#### WHAT THE EXERCISE ASKS
Would you transcribe the records below exactly, omitting every picture?

[SOURCE MATERIAL — start]

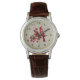 Relógio cardeal vermelho feminino, fundo de cinza com trim de ouro. Muitas cores e estilos de observação diferentes para escolher.
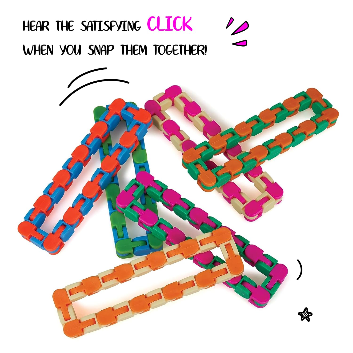 - SNAP, CLICK, CREATE: Each of the 24 links on the Snap & Click Toy pivots and locks into 5 positions, allowing you to build the chain in countless ways. They emit a delightful CLICK sound as you snap.
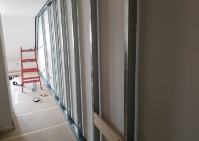 Ocelová konstrukce na gumových obvodových pásech, akustická izolace Decibel, 1x deska Diamant a 1x deska Knauf Silent. Celková šíře 12cm.
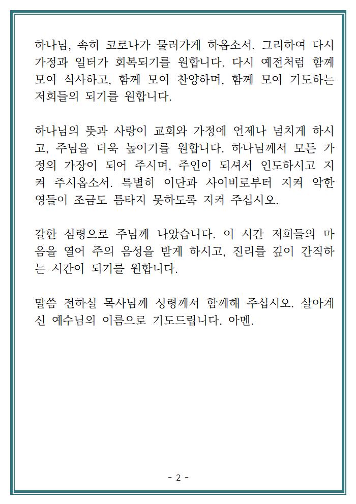 사랑의 하나님 오늘도 주의 전에 모여 예배하게 하심을 감사드립니다. 코로나로 인해 모이지 못하고 온라인으로 예배드리지만 온 성도가 한 마음으로 주님을 예배하게 하심을 찬양합니다.
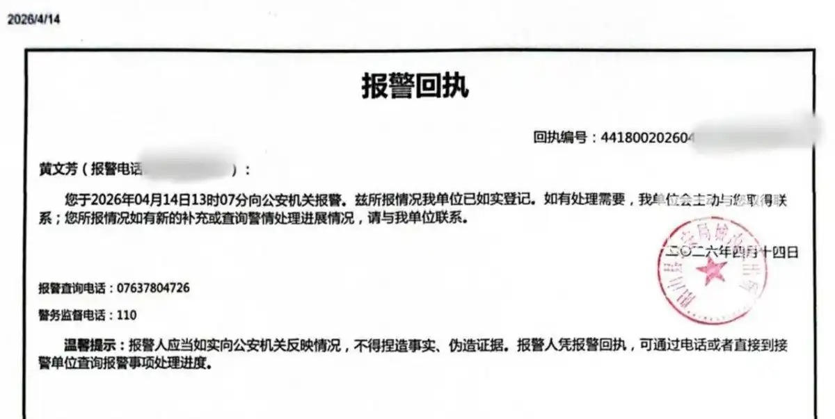 4月14日,宋柚运营方“柚香谷”针对信号新闻的报道发布了《情况说明》,否认与黄文芳医生有过任何合作。同时,一名昵称为“柚香谷”、IP显示属地上海的非认证账号向信号新闻发信息称,“经我司与黄文芳医生联系,黄医生从未喝过宋柚汁也不可能宣传宋柚汁降糖,相关内容系被人盗用头像P图伪造,已向当地公安机关报案处理、诉讼维权。”同时,该账号发来一份盖有广东省清远市“阳山县公安局城南派出所”公章的报警回执,主要内容为“黄文芳于2026年4月14日13时7分向公安机关报警。”信号新闻向上述派出所求证报警回执是否属实,工作人员称需经上级同意方能接受采访。截至发稿时,信号新闻未获答复。

[SOURCE MATERIAL — finish]

#### TASK OUTPUT
 Relógio cardeal vermelho feminino, fundo de cinza com trim de ouro. Muitas cores e estilos de observação diferentes para escolher.
 - SNAP, CLICK, CREATE: Each of the 24 links on the Snap & Click Toy pivots and locks into 5 positions, allowing you to build the chain in countless ways. They emit a delightful CLICK sound as you snap.
 Ocelová konstrukce na gumových obvodových pásech, akustická izolace Decibel, 1x deska Diamant a 1x deska Knauf Silent. Celková šíře 12cm.
 사랑의 하나님 오늘도 주의 전에 모여 예배하게 하심을 감사드립니다. 코로나로 인해 모이지 못하고 온라인으로 예배드리지만 온 성도가 한 마음으로 주님을 예배하게 하심을 찬양합니다.
 4月14日,宋柚运营方“柚香谷”针对信号新闻的报道发布了《情况说明》,否认与黄文芳医生有过任何合作。同时,一名昵称为“柚香谷”、IP显示属地上海的非认证账号向信号新闻发信息称,“经我司与黄文芳医生联系,黄医生从未喝过宋柚汁也不可能宣传宋柚汁降糖,相关内容系被人盗用头像P图伪造,已向当地公安机关报案处理、诉讼维权。”同时,该账号发来一份盖有广东省清远市“阳山县公安局城南派出所”公章的报警回执,主要内容为“黄文芳于2026年4月14日13时7分向公安机关报警。”信号新闻向上述派出所求证报警回执是否属实,工作人员称需经上级同意方能接受采访。截至发稿时,信号新闻未获答复。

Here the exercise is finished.